Spline

Instead of averaging values, like IDW does, the Spline interpolation method fits a flexible surface, as if it were stretching a rubber sheet across all the known point values.

The Spline method of interpolation estimates unknown values by bending a surface through known values.

This stretching effect is useful if you want estimated values that are below the minimum or above the maximum values found in the sample data. This makes the Spline interpolation method good for estimating lows and highs where they are not included in the sample data.

A surface created with Spline interpolation passes through each sample point and may exceed the value range of the sample point set.

However, when the sample points are close together and have extreme differences in value, Spline interpolation doesn't work as well. This is because Spline uses slope calculations (change over distance) to figure out the shape of the flexible rubber sheet.

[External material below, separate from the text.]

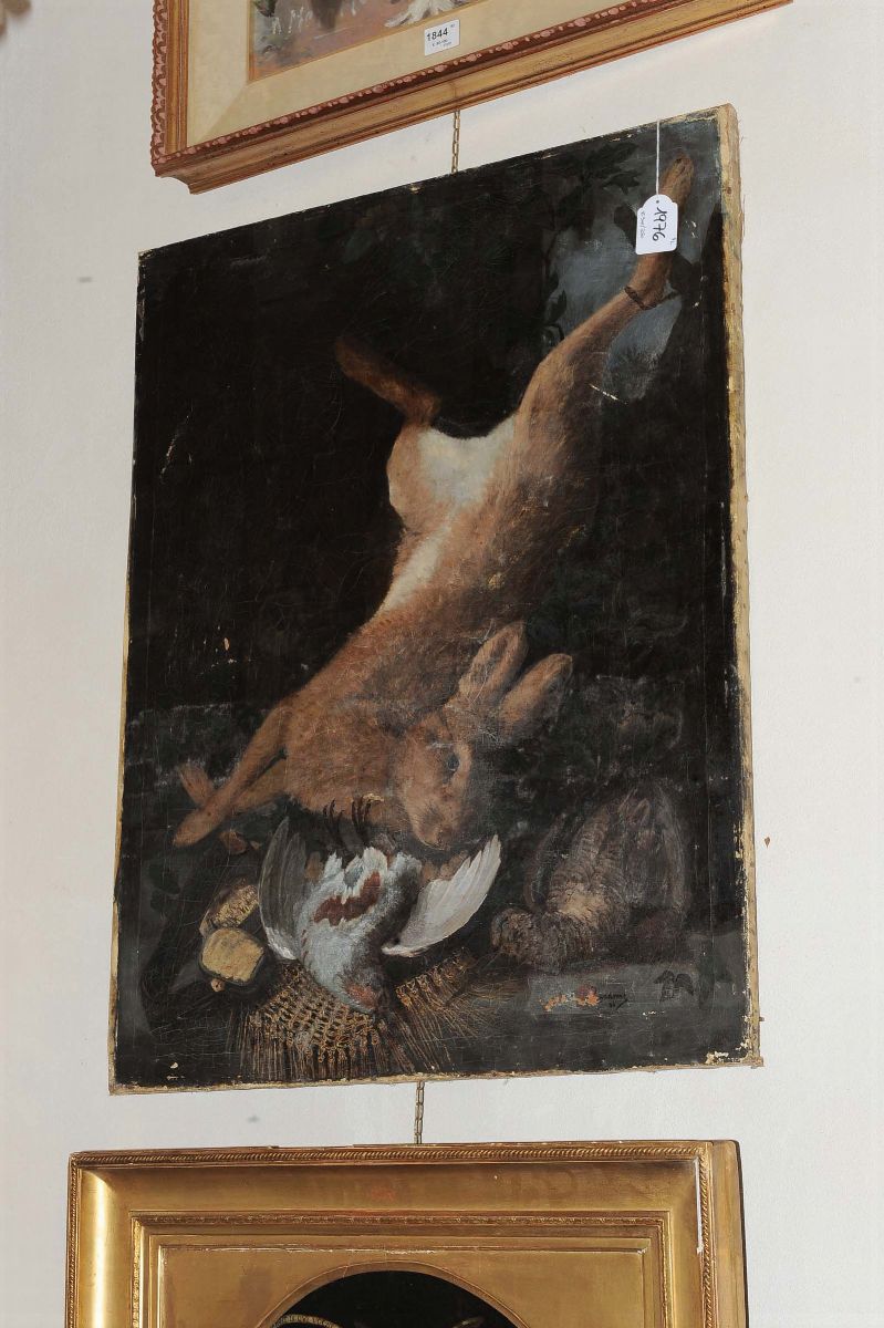 Anonimo del XX secolo Natura morta con coniglio e volatili
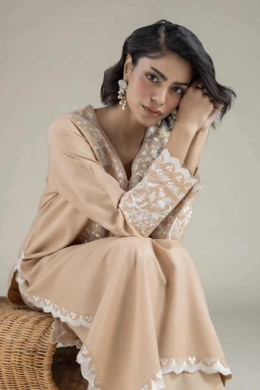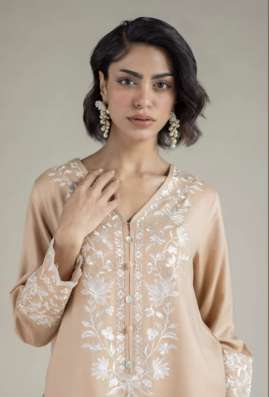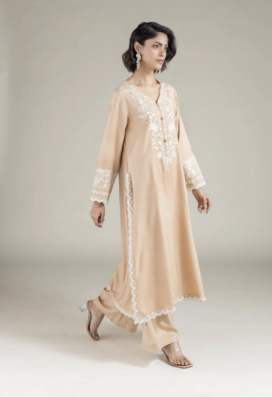 • Description: V-neck kurta features a beige floral design and thread-work embroidery. Regular fit longline with straight full sleeves and buttons, scalloped hem.

Phenomena that cause surface values to change suddenly, such as a cliff face or a fault line, are not represented well by a smooth-curving surface. In such cases, you might prefer to use IDW interpolation, where barriers can be used to deal with these types of abrupt changes in local values.

There are two types of Spline: Regularized and Tension. A Tension Spline is flatter than a Regularized Spline of the same sample points, forcing the estimates to stay closer to the sample data. You might say that the Tension Spline method produces a surface more rigid in character, while the Regularized Spline method creates one that's more elastic.